* _What you will do_: Set down every entry exactly as given. Pictures are to be left out.

* _Data excerpts_:

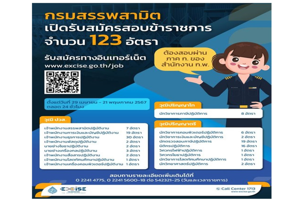 กรมสรรพสามิตประกาศผ่านเฟซบุ๊ก กรมสรรพสามิต Excise Department ระบุว่า กรมสรรพสามิตเปิดรับสมัครสอบข้าราชการ จำนวน 123 อัตรา (ต้องสอบผ่านภาค ก. ของสำนักงาน ก.พ.) รับสมัครทางอินเทอร์เน็ต www.excise.go.th/job ตั้งแต่วันที่ 29 เมษายน – 21 พฤษภาคม 2567 ตลอด 24 ชั่วโมง สอบถามรายละเอียดเพิ่มเติมได้ที่ 0-2241-4775,0-2241-5600-18 ต่อ 542321-25 (วันและเวลาราชการ)
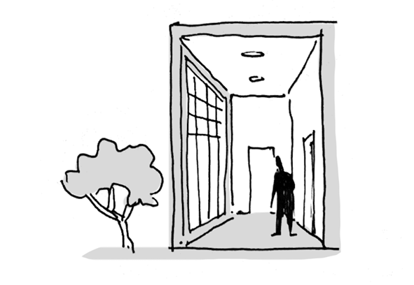In practical terms, this means that the common pattern of a dark central hallway feeding a chain of rooms on each side — known as a “double-loaded corridor” — is a terrible pattern, cutting us off from experience of the outside world, and the rest of the building. A better pattern is to wrap passageways along the exterior walls for at least part of their length, and to cluster rooms in a more complex configuration.
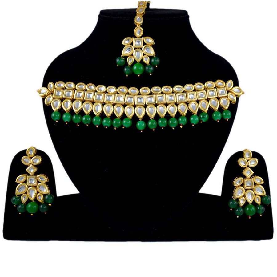 Gold Rodium PolishGreen Necklace in Metal Alloy with Kundan
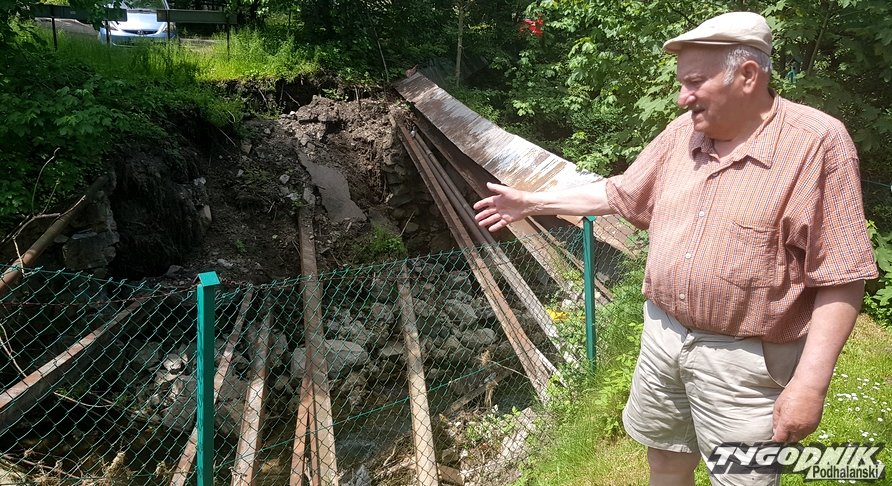 Przypomnijmy: na ulicy Kaszelewskiego w Zakopanem obok mostu prowadzącego pod wiadukt zawaliło się żelazne umocnienie starego przejazdu. Na dnie potoku zalegają też betonowe przęsła. Pan Mieczysław Ziemianin, który mieszka nad potokiem alarmuje - taka sytuacja grozi katastrofą. W czasie zapowiadanych silnych opadów potok może niebezpieczne wezbrać i zalać pobliskie domy.
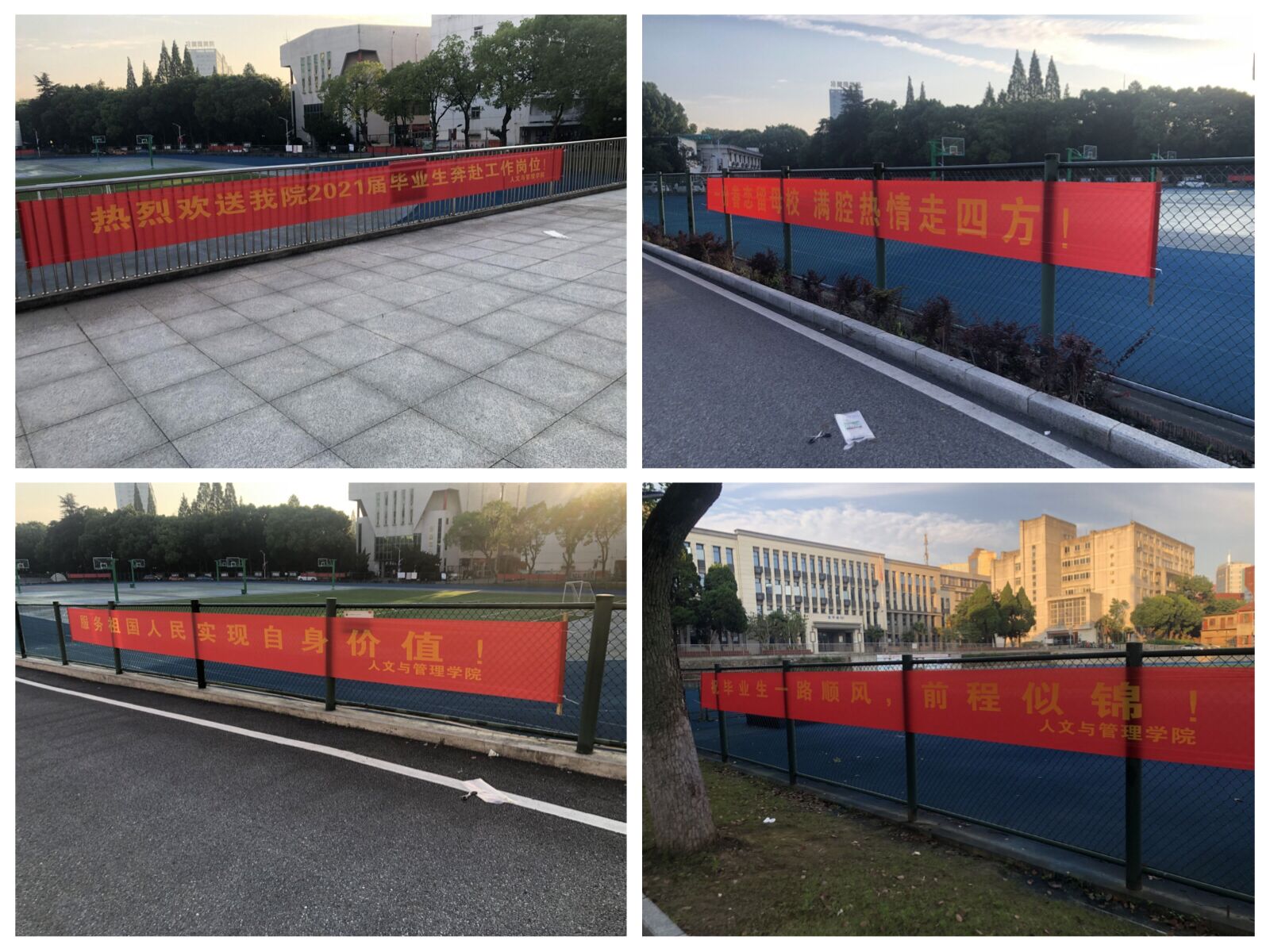 通过年级QQ群向全体毕业生发出了文明离校相关注意事项,饱含深情的向即将离别的学子们道一声珍重;学院通过悬挂条幅、毕业生座谈等形式营造文明离校氛围;号召全体毕业生以健康文明的方式告别母校,感谢师恩,情系母校。
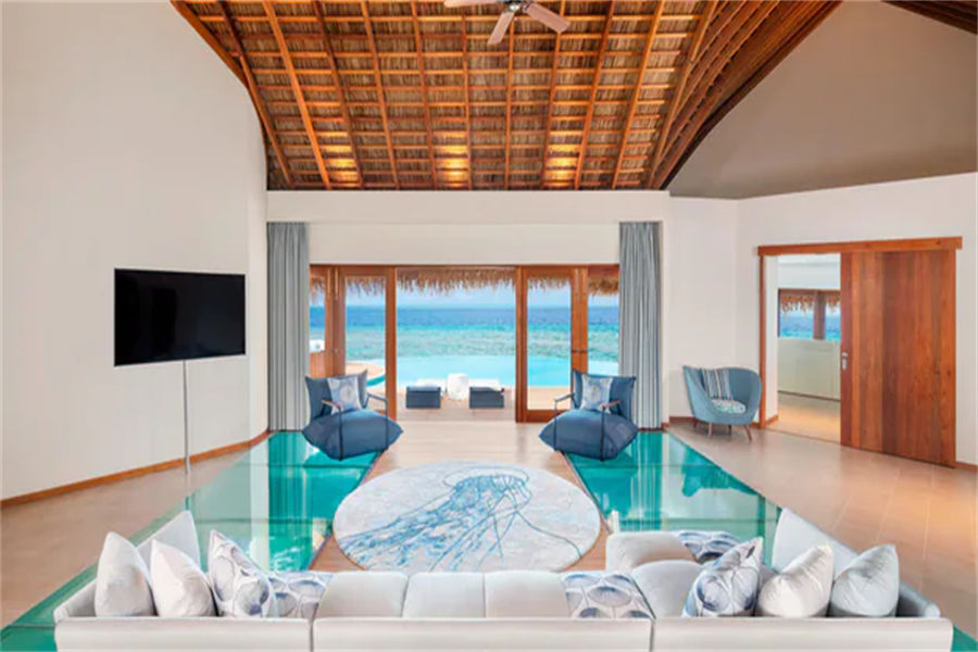 ⑥水上别墅都有玻璃地板,可直接看到水下的珊瑚和鱼

* _Result of the task_:
 กรมสรรพสามิตประกาศผ่านเฟซบุ๊ก กรมสรรพสามิต Excise Department ระบุว่า กรมสรรพสามิตเปิดรับสมัครสอบข้าราชการ จำนวน 123 อัตรา (ต้องสอบผ่านภาค ก. ของสำนักงาน ก.พ.) รับสมัครทางอินเทอร์เน็ต www.excise.go.th/job ตั้งแต่วันที่ 29 เมษายน – 21 พฤษภาคม 2567 ตลอด 24 ชั่วโมง สอบถามรายละเอียดเพิ่มเติมได้ที่ 0-2241-4775,0-2241-5600-18 ต่อ 542321-25 (วันและเวลาราชการ)
In practical terms, this means that the common pattern of a dark central hallway feeding a chain of rooms on each side — known as a “double-loaded corridor” — is a terrible pattern, cutting us off from experience of the outside world, and the rest of the building. A better pattern is to wrap passageways along the exterior walls for at least part of their length, and to cluster rooms in a more complex configuration.
 Gold Rodium PolishGreen Necklace in Metal Alloy with Kundan
 Przypomnijmy: na ulicy Kaszelewskiego w Zakopanem obok mostu prowadzącego pod wiadukt zawaliło się żelazne umocnienie starego przejazdu. Na dnie potoku zalegają też betonowe przęsła. Pan Mieczysław Ziemianin, który mieszka nad potokiem alarmuje - taka sytuacja grozi katastrofą. W czasie zapowiadanych silnych opadów potok może niebezpieczne wezbrać i zalać pobliskie domy.
 通过年级QQ群向全体毕业生发出了文明离校相关注意事项,饱含深情的向即将离别的学子们道一声珍重;学院通过悬挂条幅、毕业生座谈等形式营造文明离校氛围;号召全体毕业生以健康文明的方式告别母校,感谢师恩,情系母校。
 ⑥水上别墅都有玻璃地板,可直接看到水下的珊瑚和鱼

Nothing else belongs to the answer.